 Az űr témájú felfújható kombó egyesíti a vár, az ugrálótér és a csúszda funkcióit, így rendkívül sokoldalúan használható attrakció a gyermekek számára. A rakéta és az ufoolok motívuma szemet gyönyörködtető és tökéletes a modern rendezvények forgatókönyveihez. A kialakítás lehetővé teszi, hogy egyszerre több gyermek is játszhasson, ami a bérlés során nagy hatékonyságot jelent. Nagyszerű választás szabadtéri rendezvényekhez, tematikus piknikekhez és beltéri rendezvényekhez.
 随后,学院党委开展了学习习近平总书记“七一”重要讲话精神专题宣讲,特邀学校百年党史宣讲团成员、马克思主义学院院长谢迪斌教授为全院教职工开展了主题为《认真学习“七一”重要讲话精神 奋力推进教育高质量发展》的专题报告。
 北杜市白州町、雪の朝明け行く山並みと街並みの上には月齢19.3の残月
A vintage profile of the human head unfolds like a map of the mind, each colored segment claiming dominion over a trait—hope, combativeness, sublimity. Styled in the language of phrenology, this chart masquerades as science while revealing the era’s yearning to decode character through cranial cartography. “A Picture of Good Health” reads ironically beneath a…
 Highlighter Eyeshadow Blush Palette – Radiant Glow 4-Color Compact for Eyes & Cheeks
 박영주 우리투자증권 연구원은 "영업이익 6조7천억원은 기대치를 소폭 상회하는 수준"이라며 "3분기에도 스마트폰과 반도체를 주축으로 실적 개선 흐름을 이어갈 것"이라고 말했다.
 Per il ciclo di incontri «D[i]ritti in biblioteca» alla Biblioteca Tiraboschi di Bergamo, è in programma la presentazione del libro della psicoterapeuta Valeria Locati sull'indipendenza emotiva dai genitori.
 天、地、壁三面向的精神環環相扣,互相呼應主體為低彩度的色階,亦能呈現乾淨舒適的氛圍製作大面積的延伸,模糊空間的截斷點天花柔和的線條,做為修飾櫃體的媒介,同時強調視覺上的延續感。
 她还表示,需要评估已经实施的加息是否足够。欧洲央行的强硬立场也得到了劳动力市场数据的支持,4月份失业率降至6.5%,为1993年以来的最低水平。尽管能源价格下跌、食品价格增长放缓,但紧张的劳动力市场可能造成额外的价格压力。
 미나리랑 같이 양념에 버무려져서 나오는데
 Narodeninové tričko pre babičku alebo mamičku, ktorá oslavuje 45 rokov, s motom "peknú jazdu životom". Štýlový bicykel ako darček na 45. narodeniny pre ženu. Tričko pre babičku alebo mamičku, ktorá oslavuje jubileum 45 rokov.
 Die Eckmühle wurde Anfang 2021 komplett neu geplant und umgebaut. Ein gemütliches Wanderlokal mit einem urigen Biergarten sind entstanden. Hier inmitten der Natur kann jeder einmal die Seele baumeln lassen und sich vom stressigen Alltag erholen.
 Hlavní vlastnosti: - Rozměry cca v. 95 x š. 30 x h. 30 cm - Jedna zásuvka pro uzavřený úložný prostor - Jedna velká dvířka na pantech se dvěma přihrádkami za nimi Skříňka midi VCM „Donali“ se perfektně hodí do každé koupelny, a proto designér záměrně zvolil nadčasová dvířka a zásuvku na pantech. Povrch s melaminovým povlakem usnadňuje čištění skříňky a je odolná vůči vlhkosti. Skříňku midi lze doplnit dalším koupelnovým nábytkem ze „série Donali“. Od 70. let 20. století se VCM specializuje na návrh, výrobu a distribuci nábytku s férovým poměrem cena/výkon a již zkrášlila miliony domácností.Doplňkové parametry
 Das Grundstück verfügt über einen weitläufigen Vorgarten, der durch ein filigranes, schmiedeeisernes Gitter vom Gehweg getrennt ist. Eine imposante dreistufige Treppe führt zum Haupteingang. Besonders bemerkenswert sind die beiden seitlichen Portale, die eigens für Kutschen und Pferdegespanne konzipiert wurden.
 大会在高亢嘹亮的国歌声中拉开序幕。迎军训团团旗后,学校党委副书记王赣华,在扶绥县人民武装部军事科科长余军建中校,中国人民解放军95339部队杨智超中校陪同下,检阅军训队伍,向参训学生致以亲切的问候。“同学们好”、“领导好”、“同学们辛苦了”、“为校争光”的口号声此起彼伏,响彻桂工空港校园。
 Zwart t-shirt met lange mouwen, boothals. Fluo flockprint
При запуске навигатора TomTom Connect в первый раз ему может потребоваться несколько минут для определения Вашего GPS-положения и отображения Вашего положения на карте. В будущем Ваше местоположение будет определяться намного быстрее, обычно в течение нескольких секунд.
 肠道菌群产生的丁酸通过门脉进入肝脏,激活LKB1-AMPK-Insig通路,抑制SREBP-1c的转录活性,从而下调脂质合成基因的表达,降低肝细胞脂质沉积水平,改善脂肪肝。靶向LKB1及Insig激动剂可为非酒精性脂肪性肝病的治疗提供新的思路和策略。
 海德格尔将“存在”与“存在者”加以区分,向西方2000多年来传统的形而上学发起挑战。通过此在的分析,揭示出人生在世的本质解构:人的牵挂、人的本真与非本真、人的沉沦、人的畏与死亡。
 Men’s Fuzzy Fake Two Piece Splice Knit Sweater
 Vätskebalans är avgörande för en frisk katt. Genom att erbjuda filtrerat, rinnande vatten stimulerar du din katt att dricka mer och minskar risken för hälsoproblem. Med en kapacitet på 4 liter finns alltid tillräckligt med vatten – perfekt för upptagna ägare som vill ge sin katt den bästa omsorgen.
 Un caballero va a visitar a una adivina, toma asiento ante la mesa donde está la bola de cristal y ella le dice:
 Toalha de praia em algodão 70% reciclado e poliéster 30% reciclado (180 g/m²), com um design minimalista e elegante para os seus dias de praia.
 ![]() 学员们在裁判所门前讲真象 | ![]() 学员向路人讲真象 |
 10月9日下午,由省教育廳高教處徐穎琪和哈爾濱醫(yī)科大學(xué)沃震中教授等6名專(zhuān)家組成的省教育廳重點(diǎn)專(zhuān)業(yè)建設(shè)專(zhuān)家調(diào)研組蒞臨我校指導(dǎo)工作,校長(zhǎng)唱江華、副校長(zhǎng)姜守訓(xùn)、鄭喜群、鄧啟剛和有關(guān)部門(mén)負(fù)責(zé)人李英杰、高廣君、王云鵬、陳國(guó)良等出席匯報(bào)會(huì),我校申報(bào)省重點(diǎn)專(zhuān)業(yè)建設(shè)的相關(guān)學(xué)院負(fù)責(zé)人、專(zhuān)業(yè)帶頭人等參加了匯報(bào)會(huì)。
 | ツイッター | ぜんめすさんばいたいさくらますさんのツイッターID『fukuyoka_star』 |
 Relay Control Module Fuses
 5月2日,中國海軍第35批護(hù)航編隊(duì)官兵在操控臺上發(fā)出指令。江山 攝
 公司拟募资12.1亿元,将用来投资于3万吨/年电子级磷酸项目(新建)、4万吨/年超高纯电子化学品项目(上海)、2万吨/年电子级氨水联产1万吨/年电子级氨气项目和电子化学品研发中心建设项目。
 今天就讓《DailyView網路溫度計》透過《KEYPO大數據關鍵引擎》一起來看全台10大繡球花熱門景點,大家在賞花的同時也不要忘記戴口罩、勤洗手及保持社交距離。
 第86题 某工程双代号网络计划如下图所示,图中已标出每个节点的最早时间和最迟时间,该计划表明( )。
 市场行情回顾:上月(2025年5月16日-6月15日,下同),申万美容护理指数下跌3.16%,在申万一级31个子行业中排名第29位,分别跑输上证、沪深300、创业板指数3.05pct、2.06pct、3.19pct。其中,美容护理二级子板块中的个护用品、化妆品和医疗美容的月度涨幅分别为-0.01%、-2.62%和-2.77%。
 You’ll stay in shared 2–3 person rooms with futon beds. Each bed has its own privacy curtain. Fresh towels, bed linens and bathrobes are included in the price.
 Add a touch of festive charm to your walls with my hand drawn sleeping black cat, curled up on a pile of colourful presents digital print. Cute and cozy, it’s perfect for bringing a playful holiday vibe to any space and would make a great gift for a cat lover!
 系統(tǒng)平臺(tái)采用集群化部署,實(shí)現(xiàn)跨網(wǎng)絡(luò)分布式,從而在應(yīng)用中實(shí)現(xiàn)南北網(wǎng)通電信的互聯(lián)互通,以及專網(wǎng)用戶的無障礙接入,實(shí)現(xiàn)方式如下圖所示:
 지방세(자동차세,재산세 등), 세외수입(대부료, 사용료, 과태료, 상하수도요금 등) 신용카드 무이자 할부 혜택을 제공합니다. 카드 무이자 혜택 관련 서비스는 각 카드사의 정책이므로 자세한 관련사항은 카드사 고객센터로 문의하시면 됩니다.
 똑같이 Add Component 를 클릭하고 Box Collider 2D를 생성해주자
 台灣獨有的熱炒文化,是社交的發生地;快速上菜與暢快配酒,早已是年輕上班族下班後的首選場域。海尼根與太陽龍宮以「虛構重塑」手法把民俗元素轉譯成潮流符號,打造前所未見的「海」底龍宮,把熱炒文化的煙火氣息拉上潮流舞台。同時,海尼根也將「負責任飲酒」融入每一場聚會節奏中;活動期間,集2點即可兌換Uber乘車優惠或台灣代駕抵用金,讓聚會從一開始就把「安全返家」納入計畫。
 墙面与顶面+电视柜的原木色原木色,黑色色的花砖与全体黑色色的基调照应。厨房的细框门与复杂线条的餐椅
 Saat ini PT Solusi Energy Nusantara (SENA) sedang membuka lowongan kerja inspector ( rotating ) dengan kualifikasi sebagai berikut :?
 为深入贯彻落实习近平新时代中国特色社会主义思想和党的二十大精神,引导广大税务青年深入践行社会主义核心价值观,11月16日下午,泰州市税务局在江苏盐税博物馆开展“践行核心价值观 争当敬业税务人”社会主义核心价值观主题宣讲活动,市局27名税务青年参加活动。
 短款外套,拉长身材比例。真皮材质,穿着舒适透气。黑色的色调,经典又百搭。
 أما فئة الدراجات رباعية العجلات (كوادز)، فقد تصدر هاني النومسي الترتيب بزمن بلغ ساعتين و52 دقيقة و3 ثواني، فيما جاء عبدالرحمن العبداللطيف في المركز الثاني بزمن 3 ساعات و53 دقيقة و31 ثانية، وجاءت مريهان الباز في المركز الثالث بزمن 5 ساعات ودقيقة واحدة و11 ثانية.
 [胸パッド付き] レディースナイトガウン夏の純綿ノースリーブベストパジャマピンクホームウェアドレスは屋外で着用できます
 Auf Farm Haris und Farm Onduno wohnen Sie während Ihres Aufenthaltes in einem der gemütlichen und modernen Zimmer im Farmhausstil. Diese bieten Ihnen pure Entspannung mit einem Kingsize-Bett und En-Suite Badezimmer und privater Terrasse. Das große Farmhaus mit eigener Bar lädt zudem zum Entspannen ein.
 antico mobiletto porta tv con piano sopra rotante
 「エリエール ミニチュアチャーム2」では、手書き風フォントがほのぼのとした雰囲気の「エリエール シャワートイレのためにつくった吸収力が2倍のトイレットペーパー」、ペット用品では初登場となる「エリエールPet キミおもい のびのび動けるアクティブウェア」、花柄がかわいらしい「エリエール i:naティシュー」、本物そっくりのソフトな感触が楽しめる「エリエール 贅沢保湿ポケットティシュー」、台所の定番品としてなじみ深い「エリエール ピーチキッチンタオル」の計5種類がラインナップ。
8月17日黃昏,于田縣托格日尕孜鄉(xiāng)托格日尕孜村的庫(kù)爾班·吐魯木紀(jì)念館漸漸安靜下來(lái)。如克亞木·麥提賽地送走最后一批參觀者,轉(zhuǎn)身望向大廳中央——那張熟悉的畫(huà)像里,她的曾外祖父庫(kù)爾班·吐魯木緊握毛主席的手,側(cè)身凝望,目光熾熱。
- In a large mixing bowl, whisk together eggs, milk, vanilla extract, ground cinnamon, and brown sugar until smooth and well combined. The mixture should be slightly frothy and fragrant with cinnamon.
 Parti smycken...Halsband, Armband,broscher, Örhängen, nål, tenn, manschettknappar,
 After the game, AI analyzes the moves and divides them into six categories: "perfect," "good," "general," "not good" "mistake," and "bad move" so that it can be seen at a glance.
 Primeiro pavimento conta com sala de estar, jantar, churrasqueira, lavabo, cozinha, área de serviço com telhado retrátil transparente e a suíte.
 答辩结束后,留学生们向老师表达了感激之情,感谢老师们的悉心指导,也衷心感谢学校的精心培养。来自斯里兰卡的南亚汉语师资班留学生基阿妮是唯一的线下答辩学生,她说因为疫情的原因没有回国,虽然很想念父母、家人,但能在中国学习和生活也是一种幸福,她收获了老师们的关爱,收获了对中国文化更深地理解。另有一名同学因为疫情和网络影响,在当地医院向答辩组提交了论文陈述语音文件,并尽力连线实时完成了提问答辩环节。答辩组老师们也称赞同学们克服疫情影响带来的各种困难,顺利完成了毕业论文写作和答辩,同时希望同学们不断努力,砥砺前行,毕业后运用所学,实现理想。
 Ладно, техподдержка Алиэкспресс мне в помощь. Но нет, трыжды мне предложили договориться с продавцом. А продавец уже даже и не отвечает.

-.-.-

Your reply must contain exactly the lines from the first line of the data through the line holding "Narodeninové tričko pre", and nothing more.

### Problem solution
 Az űr témájú felfújható kombó egyesíti a vár, az ugrálótér és a csúszda funkcióit, így rendkívül sokoldalúan használható attrakció a gyermekek számára. A rakéta és az ufoolok motívuma szemet gyönyörködtető és tökéletes a modern rendezvények forgatókönyveihez. A kialakítás lehetővé teszi, hogy egyszerre több gyermek is játszhasson, ami a bérlés során nagy hatékonyságot jelent. Nagyszerű választás szabadtéri rendezvényekhez, tematikus piknikekhez és beltéri rendezvényekhez.
 随后,学院党委开展了学习习近平总书记“七一”重要讲话精神专题宣讲,特邀学校百年党史宣讲团成员、马克思主义学院院长谢迪斌教授为全院教职工开展了主题为《认真学习“七一”重要讲话精神 奋力推进教育高质量发展》的专题报告。
 北杜市白州町、雪の朝明け行く山並みと街並みの上には月齢19.3の残月
A vintage profile of the human head unfolds like a map of the mind, each colored segment claiming dominion over a trait—hope, combativeness, sublimity. Styled in the language of phrenology, this chart masquerades as science while revealing the era’s yearning to decode character through cranial cartography. “A Picture of Good Health” reads ironically beneath a…
 Highlighter Eyeshadow Blush Palette – Radiant Glow 4-Color Compact for Eyes & Cheeks
 박영주 우리투자증권 연구원은 "영업이익 6조7천억원은 기대치를 소폭 상회하는 수준"이라며 "3분기에도 스마트폰과 반도체를 주축으로 실적 개선 흐름을 이어갈 것"이라고 말했다.
 Per il ciclo di incontri «D[i]ritti in biblioteca» alla Biblioteca Tiraboschi di Bergamo, è in programma la presentazione del libro della psicoterapeuta Valeria Locati sull'indipendenza emotiva dai genitori.
 天、地、壁三面向的精神環環相扣,互相呼應主體為低彩度的色階,亦能呈現乾淨舒適的氛圍製作大面積的延伸,模糊空間的截斷點天花柔和的線條,做為修飾櫃體的媒介,同時強調視覺上的延續感。
 她还表示,需要评估已经实施的加息是否足够。欧洲央行的强硬立场也得到了劳动力市场数据的支持,4月份失业率降至6.5%,为1993年以来的最低水平。尽管能源价格下跌、食品价格增长放缓,但紧张的劳动力市场可能造成额外的价格压力。
 미나리랑 같이 양념에 버무려져서 나오는데
 Narodeninové tričko pre babičku alebo mamičku, ktorá oslavuje 45 rokov, s motom "peknú jazdu životom". Štýlový bicykel ako darček na 45. narodeniny pre ženu. Tričko pre babičku alebo mamičku, ktorá oslavuje jubileum 45 rokov.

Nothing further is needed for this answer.